The point was success, as it seems enduringly to be in America.  Scary.  And sad.
    My husband, Don Mitchell as he'd changed his name to, Miskie being too Jewish and Bronxy to be swallowable by my mother, Helen, born Finkelstein changed to Fink (I never have to make anything up) had lost his job as a television producer in New York just as we'd decided to put off having children.  But I found out the next day  I was already pregnant with Madeleine, as we were to name her as compensation to  Madlyn Rhue, the leading lady in my comedy, fired just before it opened, and I went into the hospital to give birth to my daughter.  To give you some idea of how much loyalty and love there was in the New York theatre world of 1966, the heads of several studios whom I considered really close friends, coming to  my hospital room to congratulate me the evening of her birth, were unreachable after the reviews.  The director, Paul Bogart, had been fired just before the opening, and Hilly Elkins, the producer, had brought in Arthur Storch, who didn't have a clue, and  kept changing everything, so everybody went up on their lines opening night.  Mel, married to Anne Bancroft, my close friend, for whom I'd written it, only to have her tell me she was doing The Devils, ("Well, who knew you would write a play in a week?" she'd said,)  taxied us back to the hospital that night.  Don and I had gotten to the theatre in time for the closing curtain, and the last laugh. Only it wasn't there.
     "Well, you had two things happen this week," Mel said.  "If one of them had to be less than perfect, if your child had been born with six toes and two noses... that would have been okay.  What mattered was the show."
     It was, like most of Mel's lines, funny.  But, sadly, in terms of New York and the theater world of the Sixties, the truth.  Mostly, as I remember,  I spent what was left of my youth trying to make up for America's greatest sin: failing.
     No one would return our calls.  I was still kind of chubby, so when I would pass people I knew on the street I would secrete myself behind telephone poles, imagining that would hide me.
    But Annie and Mel came over to visit. She read the reviews out loud, spitting at them.  I really loved her.  When you do life over in your mind, she plays the lead in my play, so I am a hit and my whole life is different.  But maybe not as interesting.
    But this is supposed to be about Madeleine, as her whole life should have been.  But wasn't.
    Don was without work, and I was limelight failed.  I had a friend in Carol Burnett, so I called her on the sly, and asked her to give Don work.  Her new show was starting in California.  So it was we left New York, and I no longer had to hide behind telephone poles.
    We stayed in the attic of Carol Burnett's guest house till we found a place to live.  When we did, the man who opened the door to rent it to us, turned out to be Les Colodny, the funny, self-promoting man who'd hired me in New York at NBC when I was twenty, as a comedy writer, and he ran the program of new talents that was just starting.  It was to audition for him that Eliott Kastner, --that is another saga-- had had me come back from Europe and sing my songs, to be hired on the spot, only to have Les and the writers he liked better go to Hollywood leaving me to be fired as the department fizzled though I had two or three musicals under my arm.  But that is several more stories, and this is supposed to be about Madeleine.  
     As Madeleine's life should have been.

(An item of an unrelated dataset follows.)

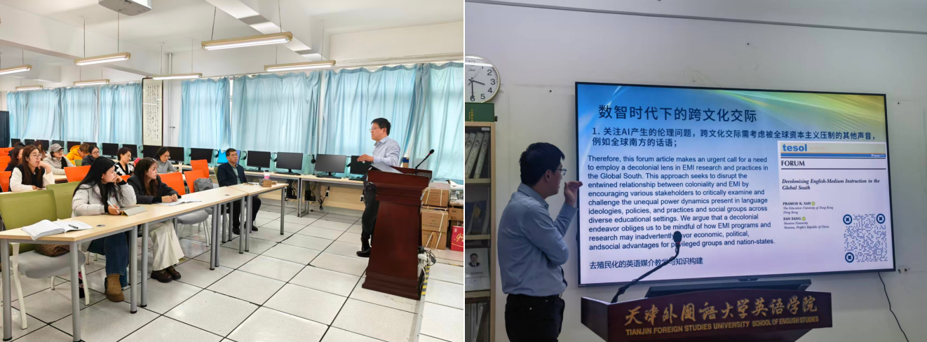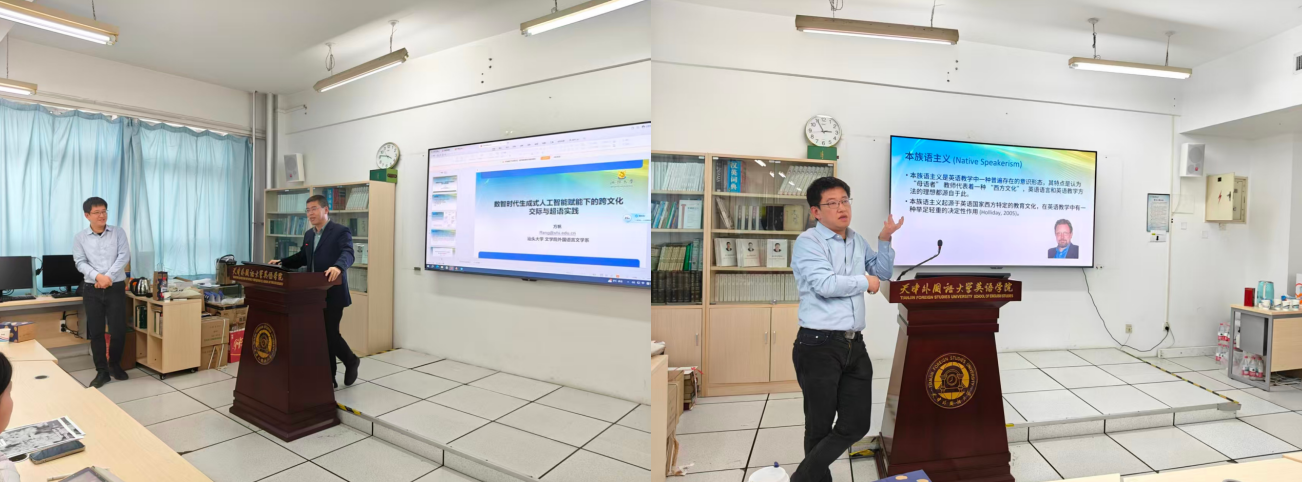 11月26日下午,汕头大学方帆教授应邀做客天津外国语大学英语学院,为师生带来了主题为“数智时代生成式人工智能赋能下的跨文化交际与超语实践”的专题讲座。本次讲座由天津外国语大学英语学院副院长郑思明主持,校内外语专业师生聆听了讲座并与方教授积极互动。

But apparently never really was.  So maybe her death can be.  I hope so.
   
     
      

Saturday, June 25, 2016

PLOT

    Plot was always the last thing I thought of, if at all.  It was being able to express myself, feeling through the ends of my fingers, the few I used, connecting with my characters as I connected with the keys that carried me along.  That anything would hinge on who did what never occurred to me.
     But yesterday I started to sort out maybe not exactly what had happened to my daughter Madeleine.  But only some of it.  I think.  I can't be really sure.  This much I know for sure: she is dead.  And 
somebody might have killed her.
      I got the most beautiful picture of her, recent, pulled together like a teenage model, sent me by her dearest friend, the sad way life works out, her own life pulled together many miles away. Sending me the loveliest picture of Madeleine, looking like the supermodel it would have made her happy to be. Only dead at just turned 50.  A bad dream.
    I had an actual bad dream last night, the first I have had, at least I am aware of having, where I didn't know anybody in it, or where I was: it was a museum, I think someplace like Philadelphia, only I have been in Philadelphia and this place was foreign to me.  Filled with uptight, aloof people, who didn't know who I was, and didn't care.  And I was inarticulate, and frightened.  Knowing nothing, most especially why I was there, or where 'there' was.  And then I realized I was dreaming, and woke, abruptly, remembering Madeleine was dead.
    My poor little girl.  This is all so hard, and hard to believe.  Europe shattering, Trump re-surfacing yet again, and Madeleine dead.

Friday, June 24, 2016

MADELEINE

Strangely, I was in my drugstore in Beverly Hills when I received news of my daughter’s death.  She was just turned fifty years old, and when last I saw her she was really pretty.
     She’d had her nose fixed when she was still a student at Beverly High, which most of the girls who didn’t consider themselves pretty enough—almost all of them—did.  Disappointed with the job her surgeon had done, cute but not chiseled enough—she nonetheless held her impression of herself high—or so it seemed.  My husband was still alive, so she had her protector and maybe that helped keep her out of trouble.  Or so I thought, but then… what did I know?  I was so busy being a writer.
      It seems I am still or again like that now.  Waiting for my son to come pick me up outside the doctor’s office and pharmacy where I found myself, sort of providentially, when I got the sorrowful news, I have my Macbook in my lap, and, strangely less than emotional, am just writing.  Weird that I should be back in Beverly Hills, in front of his office when I get the news. Walked here this morning after waking at four-thirty, seven thirty New York time, back yesterday, in time to be here for news of Madeleine’s death.
     Madeleine.  Born at the tippy-top, nearly, of our marriage.  A show opening on Broadway at the same time as our daughter was being born, my husband associate producer as a way of salvaging his career, imploded from the beginning.  Poor Don.  Sweetest man in the world, not easy coming from the Bronx.  Had the option of an easier life had he chosen being crooked.
     But as he was honest, and not self-aggrandizing, he might have undersold himself.  So in Hollywood he was doomed, from the beginning.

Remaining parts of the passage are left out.